/---
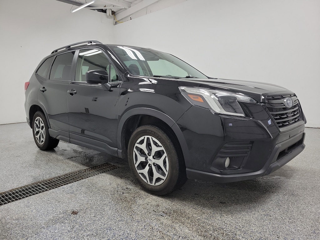 Drive with confidence in this Black 2023 Subaru Forester AWD Premium 4dr Crossover. Equipped with Subaru's legendary All-Wheel Drive, a responsive 2.5L 182hp engine, and a smooth CVT, this Forester is ready for any adventure. Enjoy peace of mind with advanced safety features like Front Automatic Emergency Braking, Pedestrian Detection, Lane Centering, Lane Keeping Assist, Adaptive Cruise Control, Blind Spot Detection, Rear Cross Traffic Alert, and Automatic Emergency Steering. Stay connected and entertained with Apple CarPlay, Android Auto, STARLINK infotainment, and a 6.5-inch touchscreen. Comfort and convenience abound with a power panoramic sunroof, heated front seats, power rear gate, power driver's seat with lumbar support, and premium upholstery with contrast stitching. Other highlights include LED headlights, rearview camera with washer, and power heated side mirrors. This Forester blends safety, technology, and versatility in a stylish package-perfect for daily commutes or weekend getaways. CARFAX One-Owner Clean CARFAX
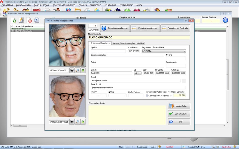 / Agendamentos / Cadastro de Pacientes / Cadastro de Especialistas /
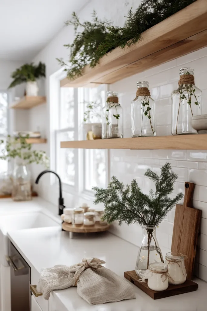 Minimal Kitchen Shelves with Fresh Evergreen Accents
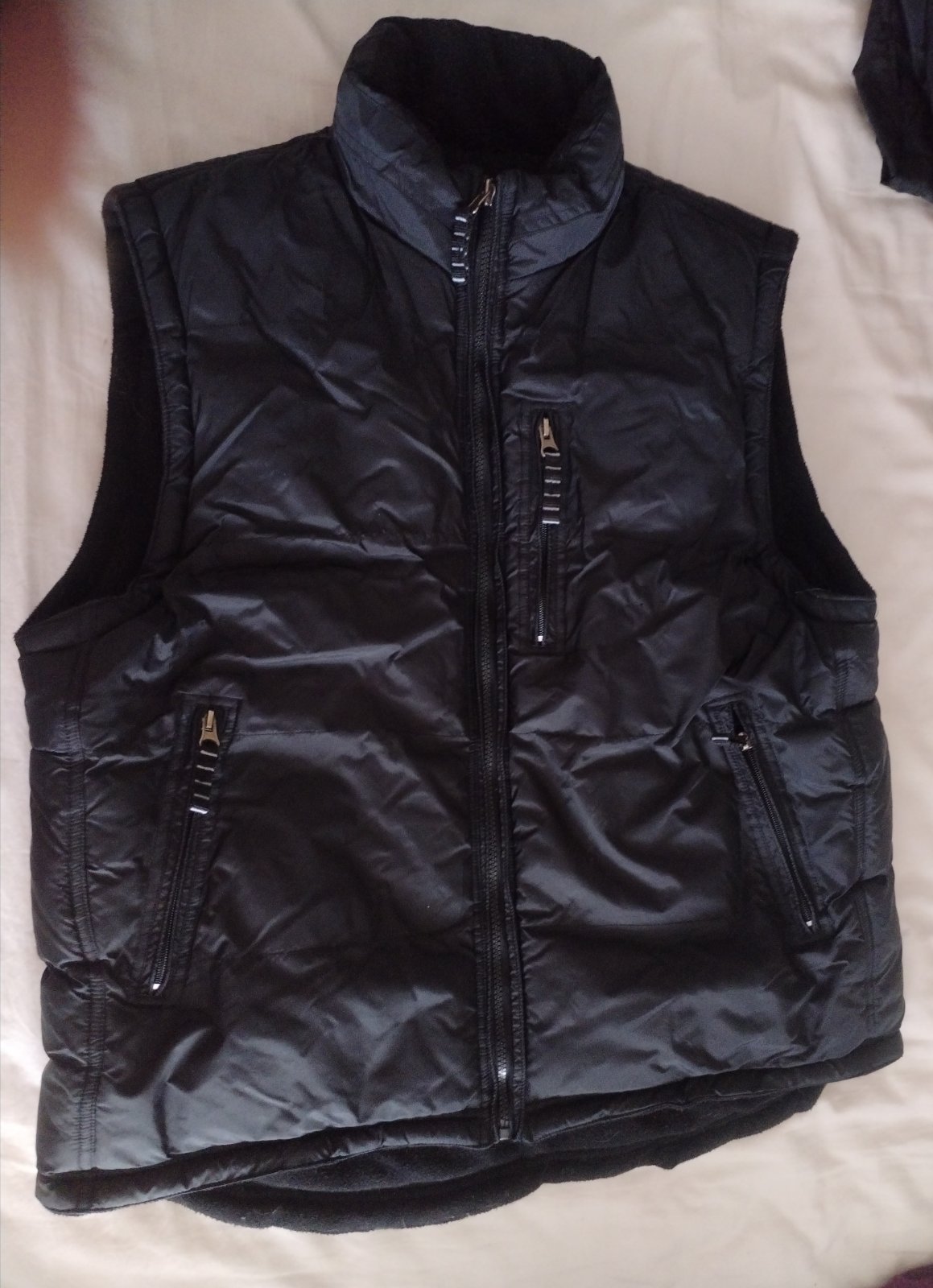 Kvalitní a super teplá vesta. Asi použítá ale top stav. Na svetr nebo mikinu určitě poslouží už na předjaří,chladnější jaro + podzim. Barva je sytě černá , kvalitní vysoko gramážní šusťák co neprofoukne a je vodě odolný. Perfektně vydetailovaná a propracovaná s kapsama na zipy.. Délka 68cm zadní díl je prodloužený na 75cm, prsa-hrudník do max.115cm,břicho do max.115cm,ale počítejte cca.-2cm s něčím podvlečený (mikina-svetr), boky max.120cm. Psaná vel.L a myslím že odpovídá-prosím měřte.. U nás úplně nevyužitá. V případě zájmu nakoukněte , je tu toho mnohem víc a třeba vám v ceně jednoho poštovného 150,- padne ještě něco do oka a využijeme ho na 100% a při odběru nad 1000,- pošta zcela GRÁTIS..!! Zásilkovna je doprava za 80,-
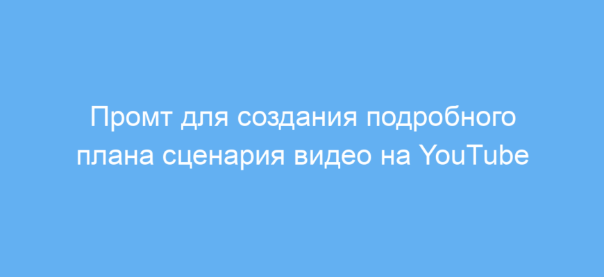 Этот промт значительно упрощает создание грамотных и привлекательных сценариев для видео на YouTube. Он помогает не пропустить важные детали и строить контент, который будет интересен аудитории и полезен автору.
\---
-- What you have to do --
Return every record exactly, leaving out the pictures.

-- Solution to this problem --
 Drive with confidence in this Black 2023 Subaru Forester AWD Premium 4dr Crossover. Equipped with Subaru's legendary All-Wheel Drive, a responsive 2.5L 182hp engine, and a smooth CVT, this Forester is ready for any adventure. Enjoy peace of mind with advanced safety features like Front Automatic Emergency Braking, Pedestrian Detection, Lane Centering, Lane Keeping Assist, Adaptive Cruise Control, Blind Spot Detection, Rear Cross Traffic Alert, and Automatic Emergency Steering. Stay connected and entertained with Apple CarPlay, Android Auto, STARLINK infotainment, and a 6.5-inch touchscreen. Comfort and convenience abound with a power panoramic sunroof, heated front seats, power rear gate, power driver's seat with lumbar support, and premium upholstery with contrast stitching. Other highlights include LED headlights, rearview camera with washer, and power heated side mirrors. This Forester blends safety, technology, and versatility in a stylish package-perfect for daily commutes or weekend getaways. CARFAX One-Owner Clean CARFAX
 / Agendamentos / Cadastro de Pacientes / Cadastro de Especialistas /
 Minimal Kitchen Shelves with Fresh Evergreen Accents
 Kvalitní a super teplá vesta. Asi použítá ale top stav. Na svetr nebo mikinu určitě poslouží už na předjaří,chladnější jaro + podzim. Barva je sytě černá , kvalitní vysoko gramážní šusťák co neprofoukne a je vodě odolný. Perfektně vydetailovaná a propracovaná s kapsama na zipy.. Délka 68cm zadní díl je prodloužený na 75cm, prsa-hrudník do max.115cm,břicho do max.115cm,ale počítejte cca.-2cm s něčím podvlečený (mikina-svetr), boky max.120cm. Psaná vel.L a myslím že odpovídá-prosím měřte.. U nás úplně nevyužitá. V případě zájmu nakoukněte , je tu toho mnohem víc a třeba vám v ceně jednoho poštovného 150,- padne ještě něco do oka a využijeme ho na 100% a při odběru nad 1000,- pošta zcela GRÁTIS..!! Zásilkovna je doprava za 80,-
 Этот промт значительно упрощает создание грамотных и привлекательных сценариев для видео на YouTube. Он помогает не пропустить важные детали и строить контент, который будет интересен аудитории и полезен автору.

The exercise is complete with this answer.